Just one: I absolutely HATE when people take food out of the microwave before the time expires and they don't clear the time off. It drives me crazy!!!!
I need to order the pile of dishes in a certain way and wash them in a certain order, or I get all crazy about it. Usually, I just have a certain pattern of doing things. I agree with the smoking part, I really need to put my cigarette out completely and I always make sure I do.
When I sprinkle things on cupcakes or cakes and there are gaps in which I missed. When I find a thread sticking out from my clothes Crooked lines when I write the letters "L" "I" "V" and "Z."
I can't have cornflakes with milk. I don't mind the taste but I just can't eat the like that. I eat the cornflakes then drink the milk separately. I also feel a compulsion not to step on the lines whenever I'm on a tiled floor or paved street. I'm quite sure this doesn't count as OCD though.
I'm obsessed with breathing "bad air", if being in an elevator with more than four people, I must get off at any floor and wait one more empty
I must keep my station at work organized and clean, drives me crazy if it's not. I always have to text a person and ask them if I can enter their house before I do even if they knew I was coming over. I have to watch Anime before bed or I can't get relaxed enough to sleep. lol I have to tip 10% if the sever performed a fair job, and 20% if they did a wonderful job. If some thing is on my mind or if I am interested in some thing, I will spend hours Googling it, reading about it or what ever. My primary hobby is posting on Internet forums, I must post on at least one a day, some times I will check like 20 different sites but only post on the ones that peak my interest.

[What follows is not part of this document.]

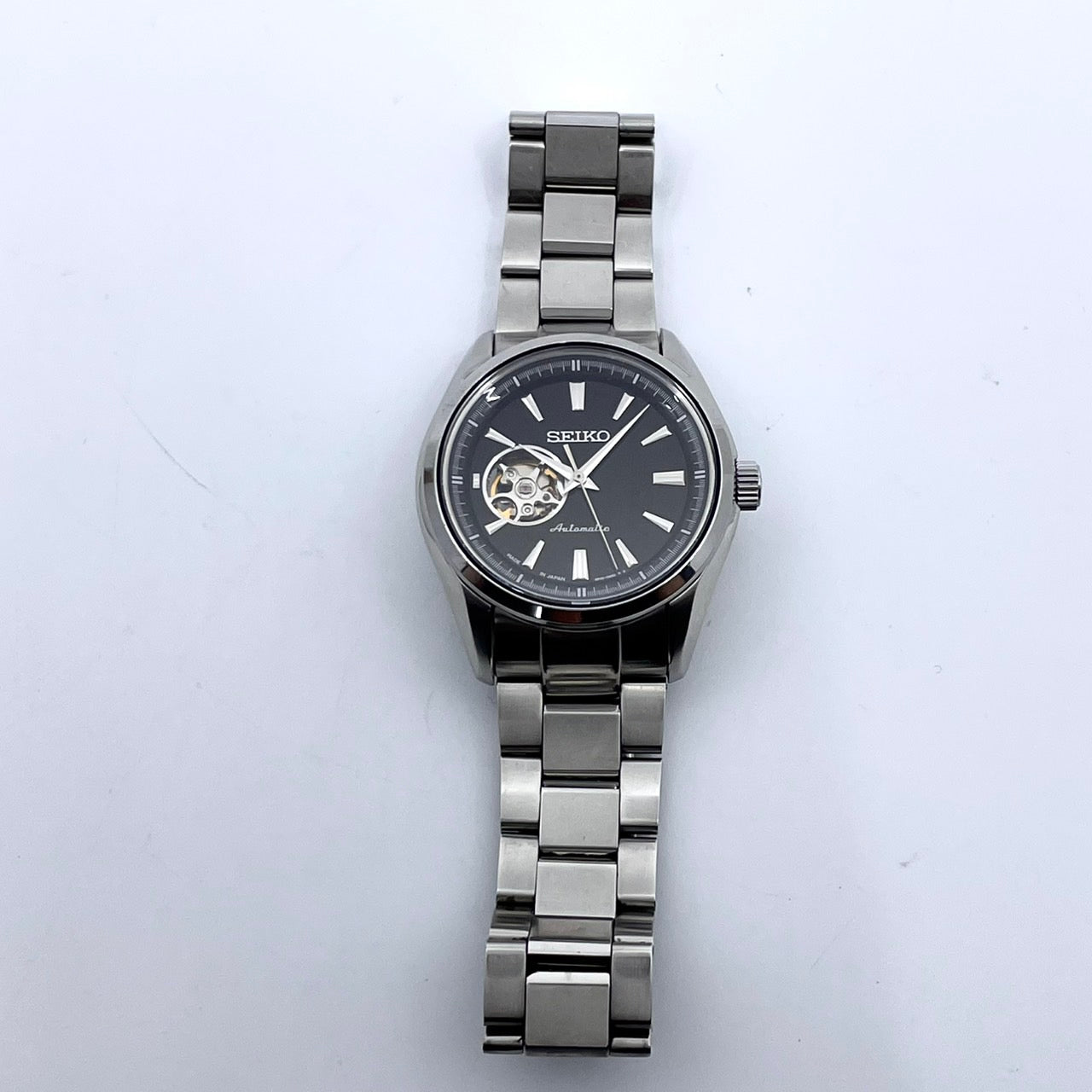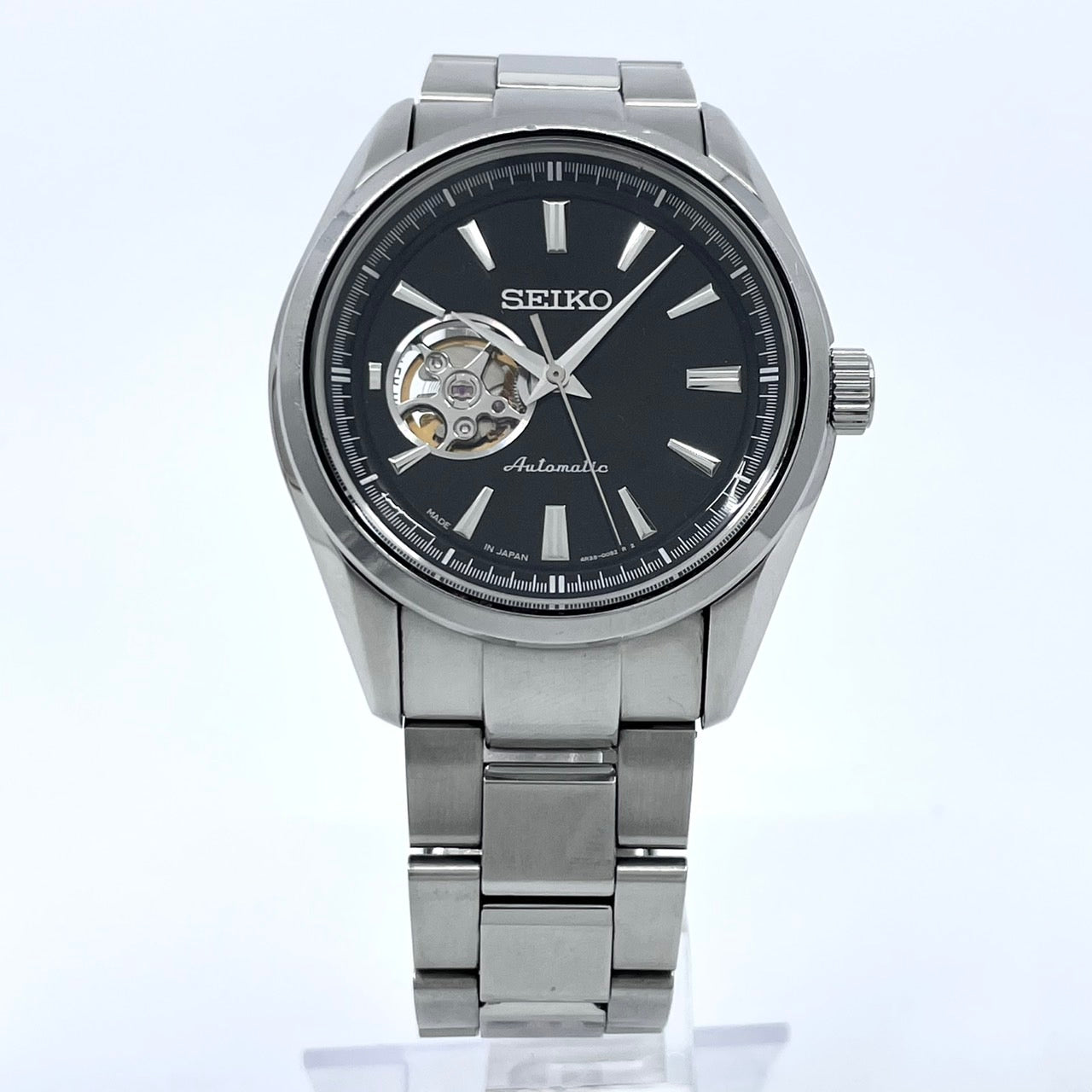 SEIKO セイコー プレサージュ メカニカル 4R38-00S0 メンズ 腕時計 自動巻き オープンハート スケルトン ブラック文字盤 シルバー ステンレススチール アナログ 裏スケ シースルーバック ドレスウォッチ ビジネス G4

I'm pretty OCD about my handwriting and my notes in class. Even though no one is going to see them besides me, I want them to look pretty--if I write messy and it looks bad then I hate it, even though it doesn't matter!
Me too, i always have to use certain pens and paper. If it looks too messy, i have to rewrite it all otherwise i lose motivation.
When I smoke, the mark of the cig that's near the filter always has to be up top or I can't even enjoy the cig.
I hesitate calling anything OCD that isn't actually OCD, but when I was younger, if I touched one corner, I'd be compelled to touch all other corners with the same finger (and sometimes the corresponding one on the other hand), and even today I have trouble doing something unevenly without a lot of frustration. I used to literally cry when I couldn't do something perfectly evenly. Now, I just have moments of frustration when something isn't neat. When I'm tired or upset, I can reach levels of near-panic at the idea of something being really disorderly.